Work required:
A faithful copy of the data, pictures omitted, is the required answer.

[Working data Boundary: Start]

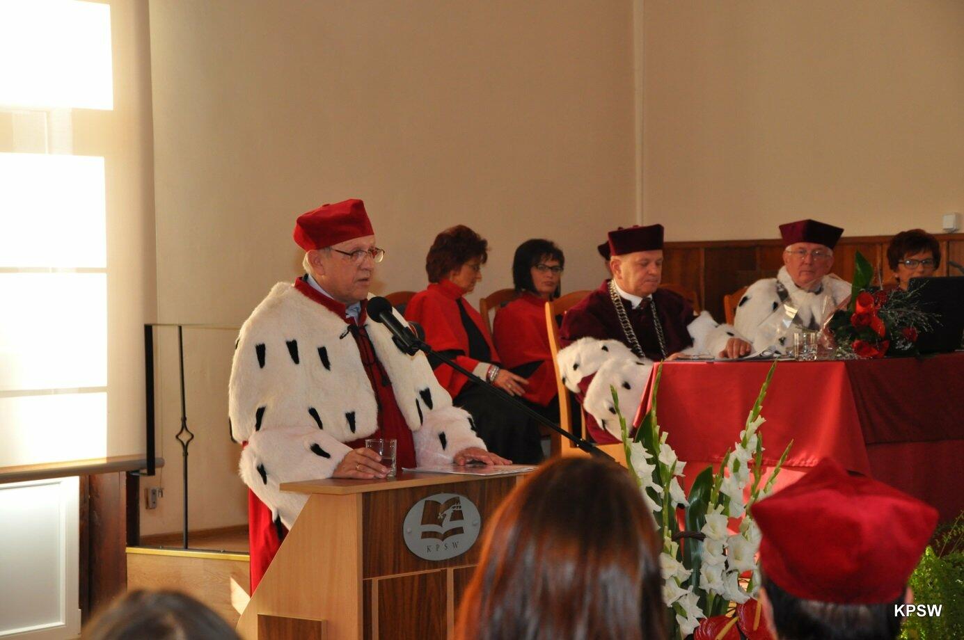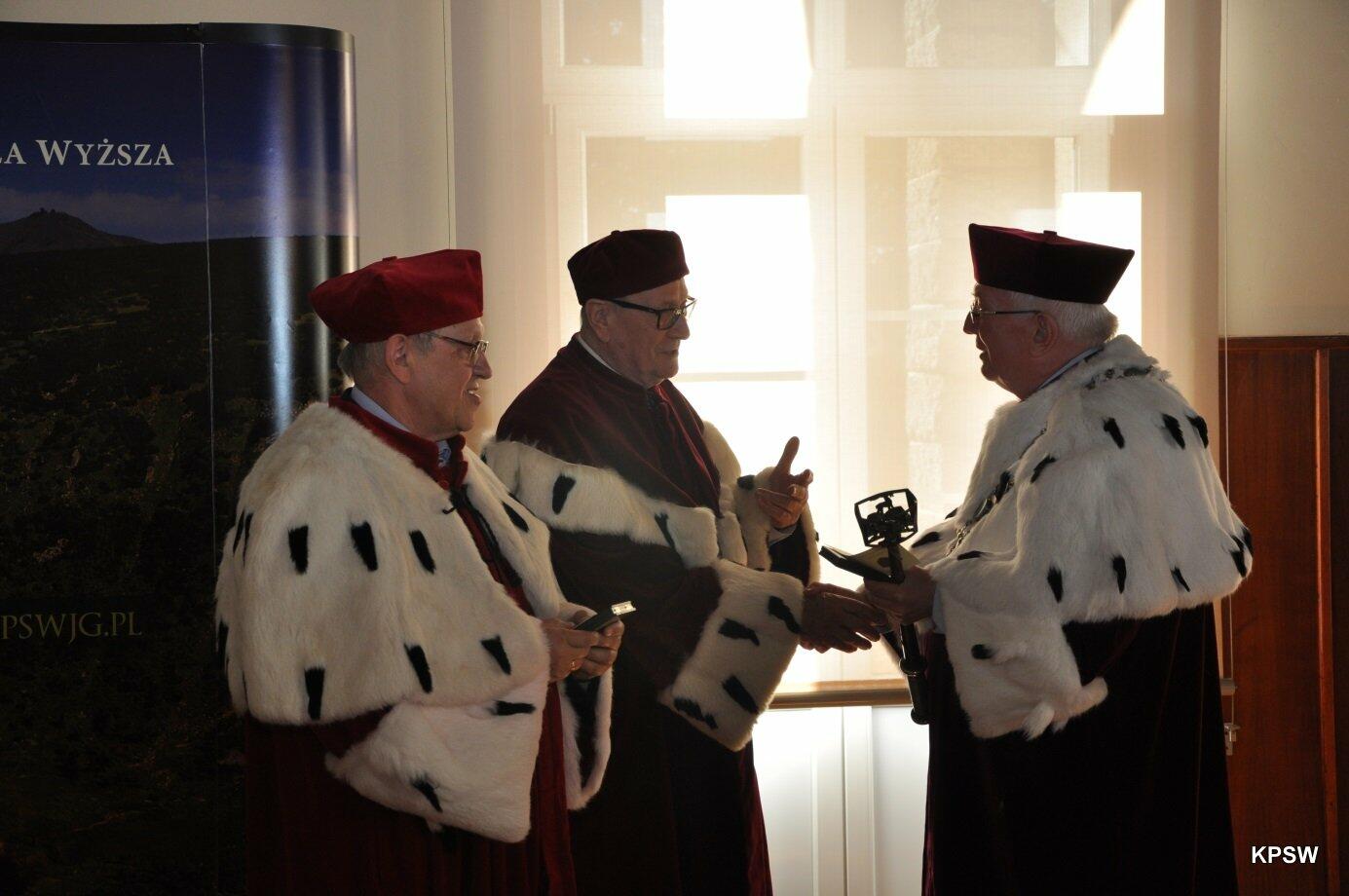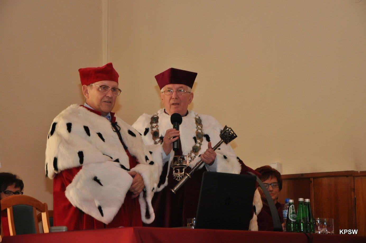 W tym to dniu Rektor-senior KPSW - prof. dr hab. Henryk Gradkowski przekazał insygnia władzy prof. dr. hab. Marianowi Urselowi - obecnemu Rektorowi KPSW.
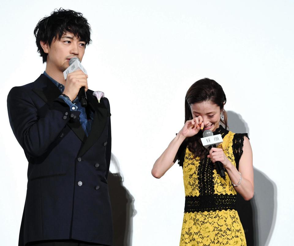イベント終盤、笑顔を絶やさなかった上戸が俳優・斎藤工(35)のコメントをきっかけに、 涙が止まらなくなった。 斎藤が「上戸さんはまわりの方に本当に尽くす人なんですよ。日々疲れ切ったスタッフに 声をかけたり。この人のエネルギーってすごいなって思った。大変なこともあると思うんですよ、 お母さんだし」と主演の苦労をねぎらった。
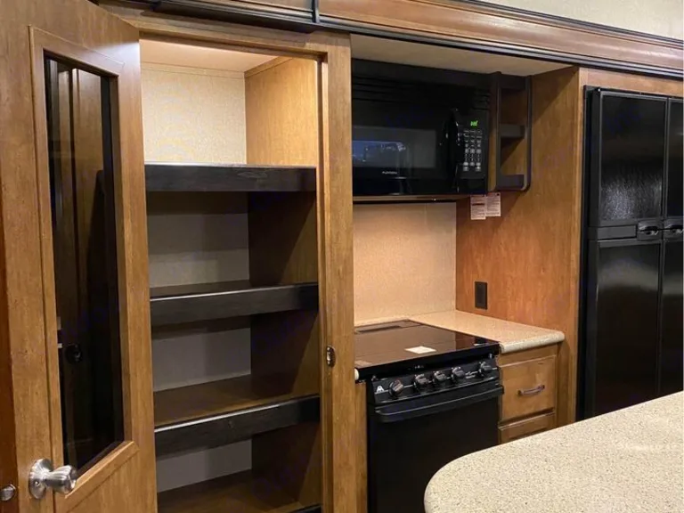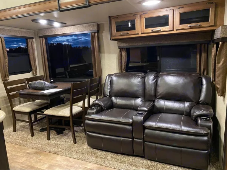 Our Reflection by Grand Design 337RLS 5th wheel offers luxury along with providing easy towing with the aerodynamic front cap with Max Turn radius. The Universal All-In-One docking station, LP Quick Connect, 2 One-Touch electric awnings with LED lights, and self leveling hydraulic jacks make for a quick and easy set up. It also has the Arctic 4-Seasons Protection package which allows you to camp anytime of the year!
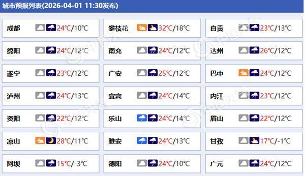 四川各城市天气预报。(来源:中国天气网)
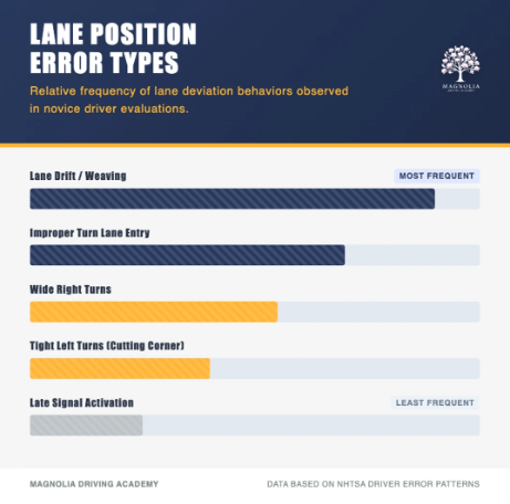 Lane position is another category where first-time drivers struggle. Examiners note that students often drift toward lane boundaries or approach turns with overly wide or overly tight angles. These errors align with data from a federal driver error analysis conducted by NHTSA, highlighting lane deviation as a primary factor in early-stage crash involvement.

[Working data Boundary: End]

Reply to the exercise:
 W tym to dniu Rektor-senior KPSW - prof. dr hab. Henryk Gradkowski przekazał insygnia władzy prof. dr. hab. Marianowi Urselowi - obecnemu Rektorowi KPSW.
イベント終盤、笑顔を絶やさなかった上戸が俳優・斎藤工(35)のコメントをきっかけに、 涙が止まらなくなった。 斎藤が「上戸さんはまわりの方に本当に尽くす人なんですよ。日々疲れ切ったスタッフに 声をかけたり。この人のエネルギーってすごいなって思った。大変なこともあると思うんですよ、 お母さんだし」と主演の苦労をねぎらった。
 Our Reflection by Grand Design 337RLS 5th wheel offers luxury along with providing easy towing with the aerodynamic front cap with Max Turn radius. The Universal All-In-One docking station, LP Quick Connect, 2 One-Touch electric awnings with LED lights, and self leveling hydraulic jacks make for a quick and easy set up. It also has the Arctic 4-Seasons Protection package which allows you to camp anytime of the year!
 四川各城市天气预报。(来源:中国天气网)
 Lane position is another category where first-time drivers struggle. Examiners note that students often drift toward lane boundaries or approach turns with overly wide or overly tight angles. These errors align with data from a federal driver error analysis conducted by NHTSA, highlighting lane deviation as a primary factor in early-stage crash involvement.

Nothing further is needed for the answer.